Data items:
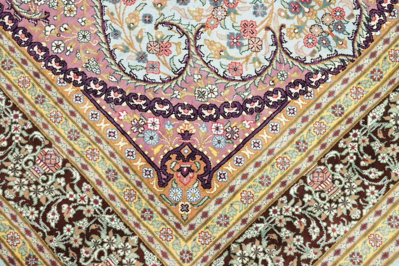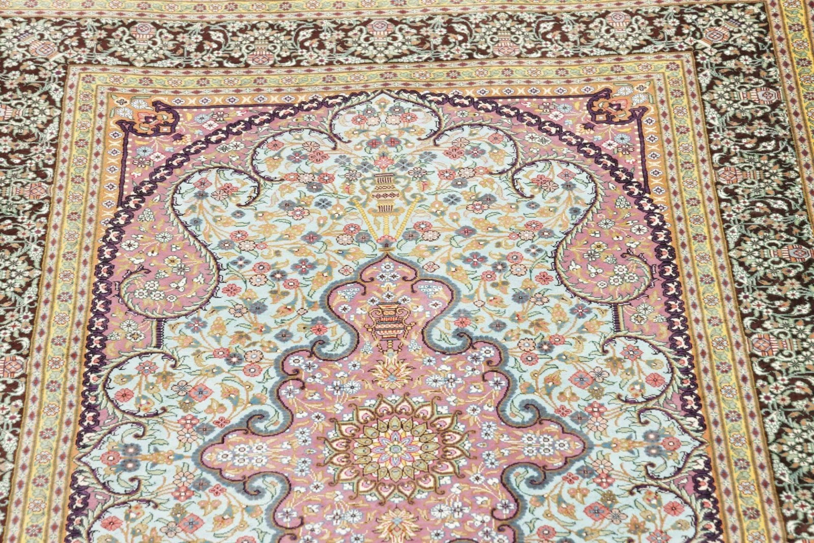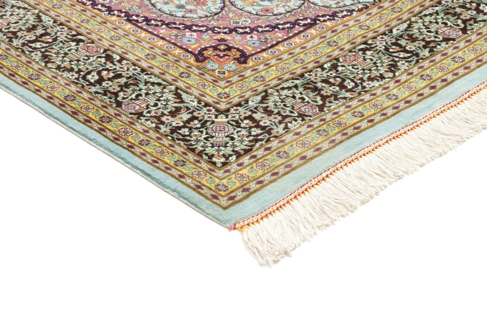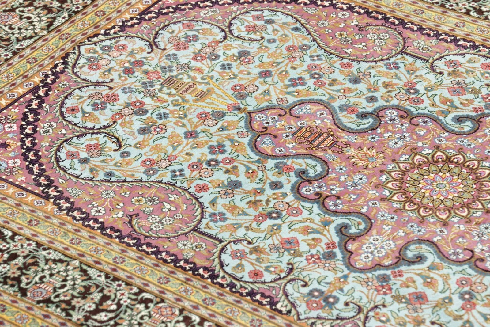 Der Ghom Teppich wird aus 100% hochwertiger Seide gefertigt. Seide ist bekannt für Ihre außergewöhnliche Weichheit und ihren besonderen Glanz, der jedem Raum Eleganz verleiht. Teppiche aus Seide sind besonders geschätzt, da sie mit der Zeit an Charakter und Schönheit gewinnen. Die Knotendichte eines handgeknüpften Teppichs wirkt sich direkt auf die Qualität und Langlebigkeit des Teppichs aus. Bei diesem Ghom Teppich ist die Knotendichte sehr hoch, was zu einem detailgetreuen und exquisit verarbeiteten floralen Muster führt, das in jeder Hinsicht beeindruckt.
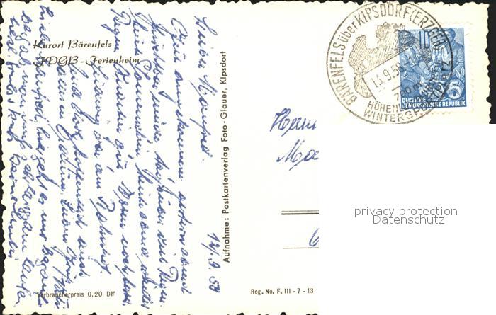 72272071 alte Postkarte Baerenfels Erzgebirge FDGB Ferienheim postalisch gelaufen Erhaltung siehe scans KatCode: 11110014290010
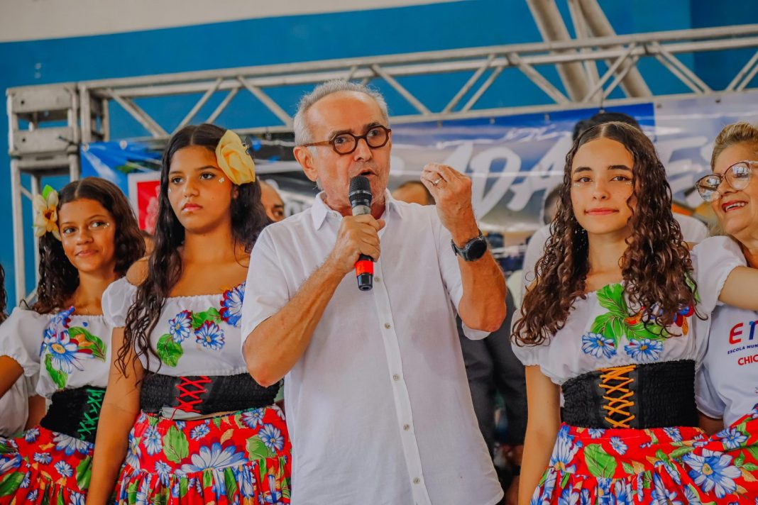 Os alunos da Escola Municipal Ativa Integral Chico Xavier, no bairro do Bessa, fizeram festa para receber o prefeito Cícero Lucena, que nesta quarta-feira (20), autorizou o início das obras que irão reconstruir a unidade escolar. Durante solenidade, o gestor garantiu que a Prefeitura vai seguir avançando para reconstrução de toda a rede de ensino, colocando-a no padrão tecnológico, com espaços inovadores, ambientes climatizados e infraestrutura moderna.
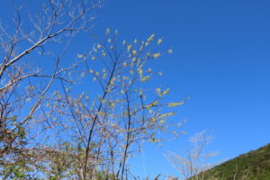 マンサクの花を観賞するため高隅山に3人で登りました。
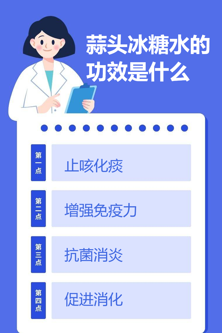 蒜头冰糖水具有多种功效,如止咳化痰、增强免疫力、抗菌消炎、促进消化等。
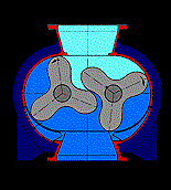 羅茨鼓風機是一種容積式鼓風機,通過一對轉子的嚙合(轉子之間有間隙,又不相互接觸)使進氣口隔開,轉子由一對同步齒輪傳動,做反方向運動,將吸入的氣體無內壓縮的從吸氣口推至排氣口。氣體到達排氣口的瞬間,因排氣側高壓氣體的回流而被加壓,從而完成氣體輸送。
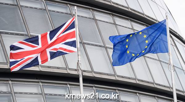 ▲ ⓒLEON NEAL / AFP센트럴 런던에 있는 유렵연합기와 영국 국기
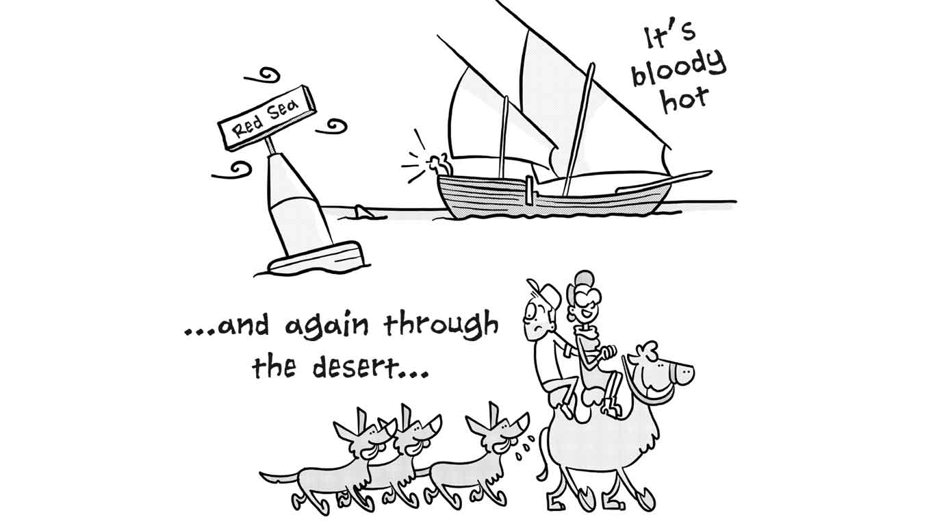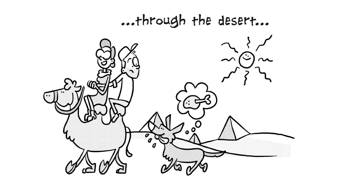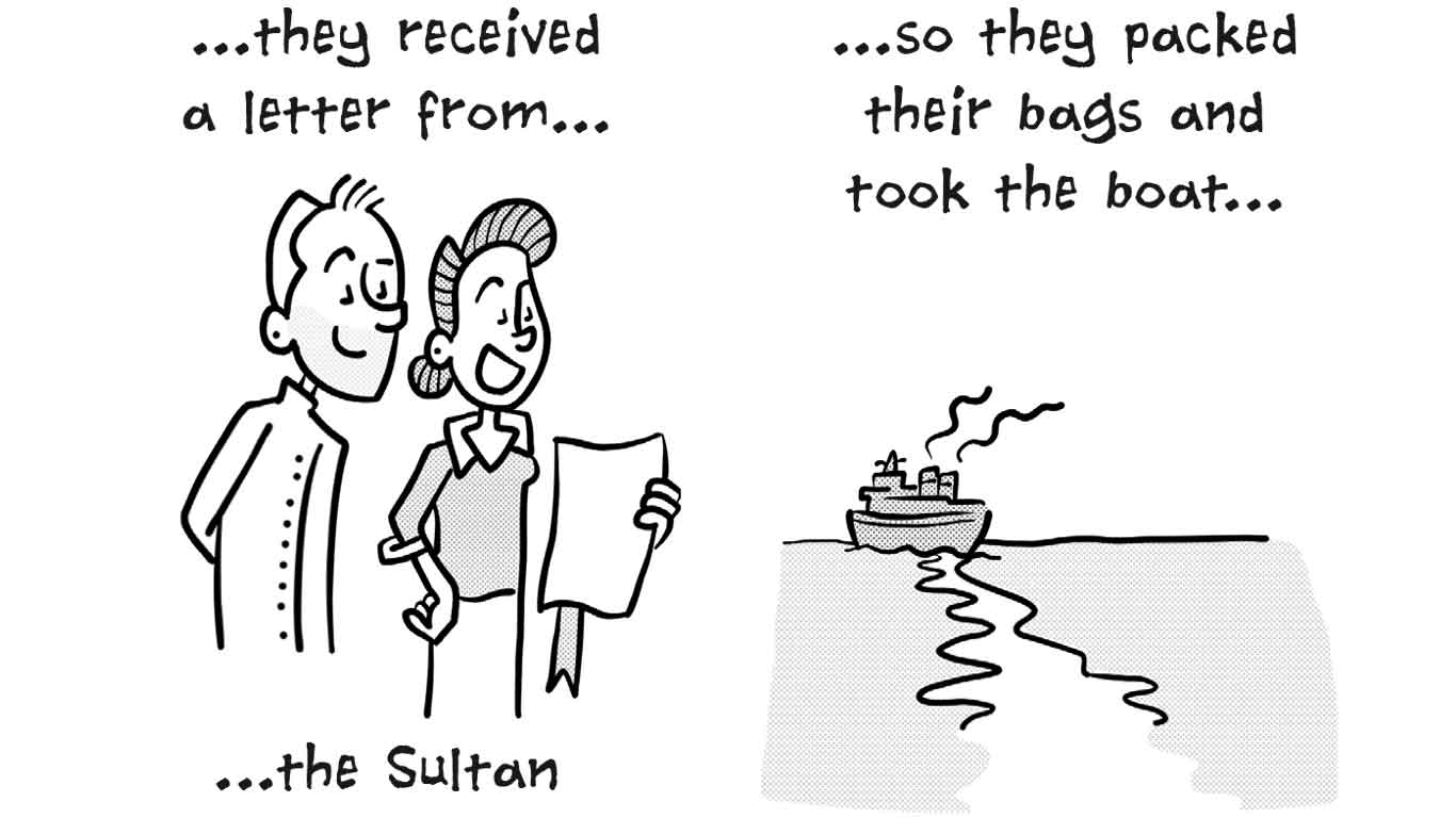 Peter Gast, jarenlang eigenaar van restaurant ’t Schulten Hues (mét 1 Michelinster) in Zutphen en inmiddels actief in onze hoofdstad met restaurant Graphite, mailde met de vraag of er een korte strip gemaakt kon worden over hun aanstaande avontuur in Oman. De strip vertelt het verhaal van het echtpaar Gast dat als twee Achterhoekse boertjes afreist naar Oman om daar hun kookkunsten te vertonen. De cartoon is geprint op A4 formaat en diende als onderlegger onder 1 van de exquise gerechten.
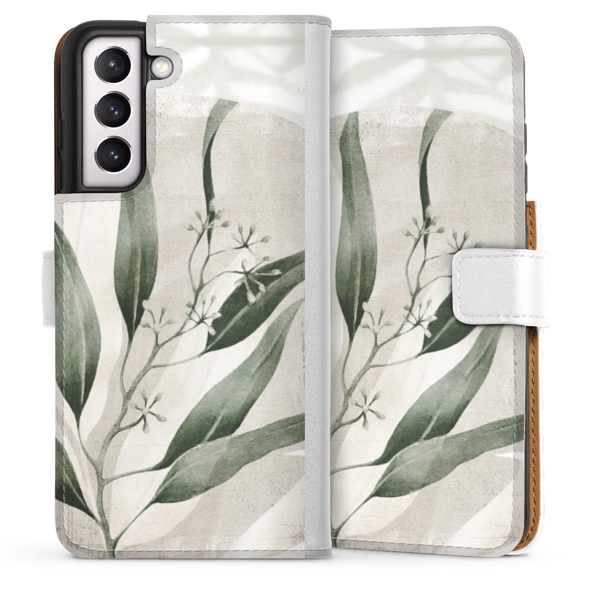 For our Sideflip Case we are using our advanced direct printing technology. The back and frontside are fully printabale, the inside of the phone bag is left unprinted. You can order the phone case without print, printed completely or also with a partial print.
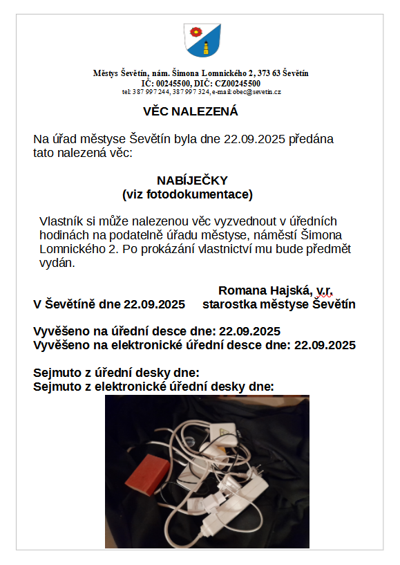 Na úřad městyse Ševětín byla dne 22. 9. 2025 předaná věc nalezená - nabíječky. Vlastník si může nalezenou věc, po prokázání vlastnictví, vyzvednout v úředních hodinách na podatelně úřadu městyse.
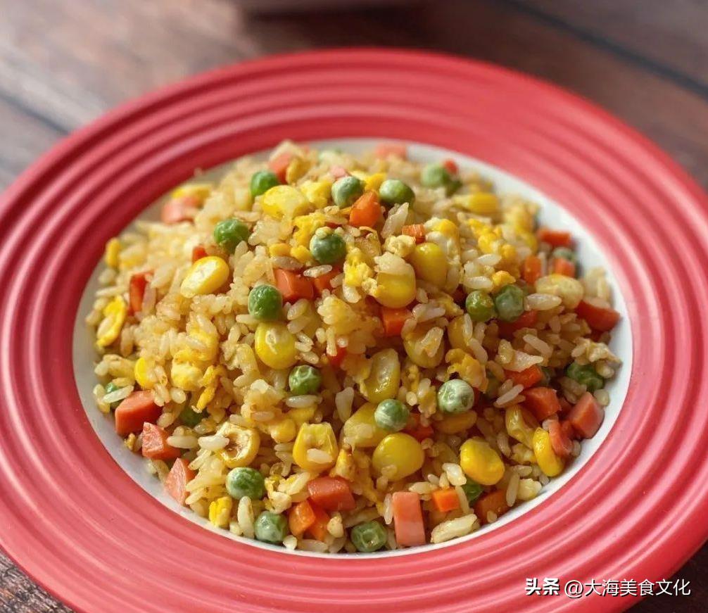 步骤二:将昨晚吃剩下的两碗大米饭盛出,锅中倒入适量的食用油,油开之后转小火,下入玉米粒火腿肠丁豌豆翻炒,下入大米饭一起翻炒,打入一个鸡蛋进入锅中翻炒。
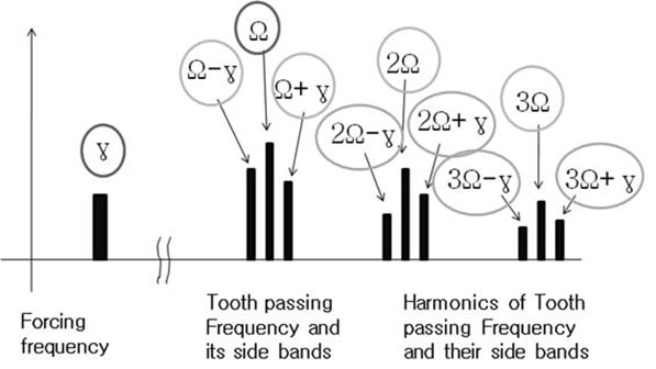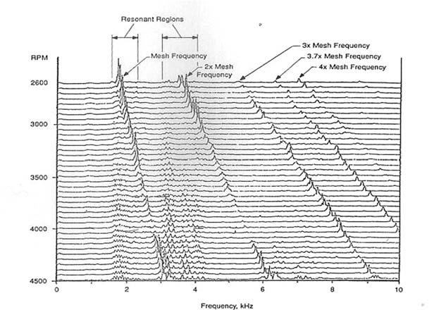 기어 상자 내부로부터 발생되는 가진주파수는 기어 쌍 마다 하나씩 발생되는 물림주파수와 그의 하모닉과 시변 치 강성계수의 조화결합으로 부터 파생되는 사이드 밴드들이 다수 발생하기 때문에 캠벨 다이아그램을 통하여 공진 여부를 파악하여야 한다.
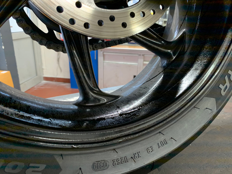 Komplette rechte Seite des Hinterreifens verschmiert. Felge, Auspuff, Schwinge, usw.

To do:
With the images omitted, output all entries exactly as given.

Your response:
 Der Ghom Teppich wird aus 100% hochwertiger Seide gefertigt. Seide ist bekannt für Ihre außergewöhnliche Weichheit und ihren besonderen Glanz, der jedem Raum Eleganz verleiht. Teppiche aus Seide sind besonders geschätzt, da sie mit der Zeit an Charakter und Schönheit gewinnen. Die Knotendichte eines handgeknüpften Teppichs wirkt sich direkt auf die Qualität und Langlebigkeit des Teppichs aus. Bei diesem Ghom Teppich ist die Knotendichte sehr hoch, was zu einem detailgetreuen und exquisit verarbeiteten floralen Muster führt, das in jeder Hinsicht beeindruckt.
 72272071 alte Postkarte Baerenfels Erzgebirge FDGB Ferienheim postalisch gelaufen Erhaltung siehe scans KatCode: 11110014290010
 Os alunos da Escola Municipal Ativa Integral Chico Xavier, no bairro do Bessa, fizeram festa para receber o prefeito Cícero Lucena, que nesta quarta-feira (20), autorizou o início das obras que irão reconstruir a unidade escolar. Durante solenidade, o gestor garantiu que a Prefeitura vai seguir avançando para reconstrução de toda a rede de ensino, colocando-a no padrão tecnológico, com espaços inovadores, ambientes climatizados e infraestrutura moderna.
 マンサクの花を観賞するため高隅山に3人で登りました。
 蒜头冰糖水具有多种功效,如止咳化痰、增强免疫力、抗菌消炎、促进消化等。
 羅茨鼓風機是一種容積式鼓風機,通過一對轉子的嚙合(轉子之間有間隙,又不相互接觸)使進氣口隔開,轉子由一對同步齒輪傳動,做反方向運動,將吸入的氣體無內壓縮的從吸氣口推至排氣口。氣體到達排氣口的瞬間,因排氣側高壓氣體的回流而被加壓,從而完成氣體輸送。
 ▲ ⓒLEON NEAL / AFP센트럴 런던에 있는 유렵연합기와 영국 국기
 Peter Gast, jarenlang eigenaar van restaurant ’t Schulten Hues (mét 1 Michelinster) in Zutphen en inmiddels actief in onze hoofdstad met restaurant Graphite, mailde met de vraag of er een korte strip gemaakt kon worden over hun aanstaande avontuur in Oman. De strip vertelt het verhaal van het echtpaar Gast dat als twee Achterhoekse boertjes afreist naar Oman om daar hun kookkunsten te vertonen. De cartoon is geprint op A4 formaat en diende als onderlegger onder 1 van de exquise gerechten.
 For our Sideflip Case we are using our advanced direct printing technology. The back and frontside are fully printabale, the inside of the phone bag is left unprinted. You can order the phone case without print, printed completely or also with a partial print.
 Na úřad městyse Ševětín byla dne 22. 9. 2025 předaná věc nalezená - nabíječky. Vlastník si může nalezenou věc, po prokázání vlastnictví, vyzvednout v úředních hodinách na podatelně úřadu městyse.
 步骤二:将昨晚吃剩下的两碗大米饭盛出,锅中倒入适量的食用油,油开之后转小火,下入玉米粒火腿肠丁豌豆翻炒,下入大米饭一起翻炒,打入一个鸡蛋进入锅中翻炒。
 기어 상자 내부로부터 발생되는 가진주파수는 기어 쌍 마다 하나씩 발생되는 물림주파수와 그의 하모닉과 시변 치 강성계수의 조화결합으로 부터 파생되는 사이드 밴드들이 다수 발생하기 때문에 캠벨 다이아그램을 통하여 공진 여부를 파악하여야 한다.
 Komplette rechte Seite des Hinterreifens verschmiert. Felge, Auspuff, Schwinge, usw.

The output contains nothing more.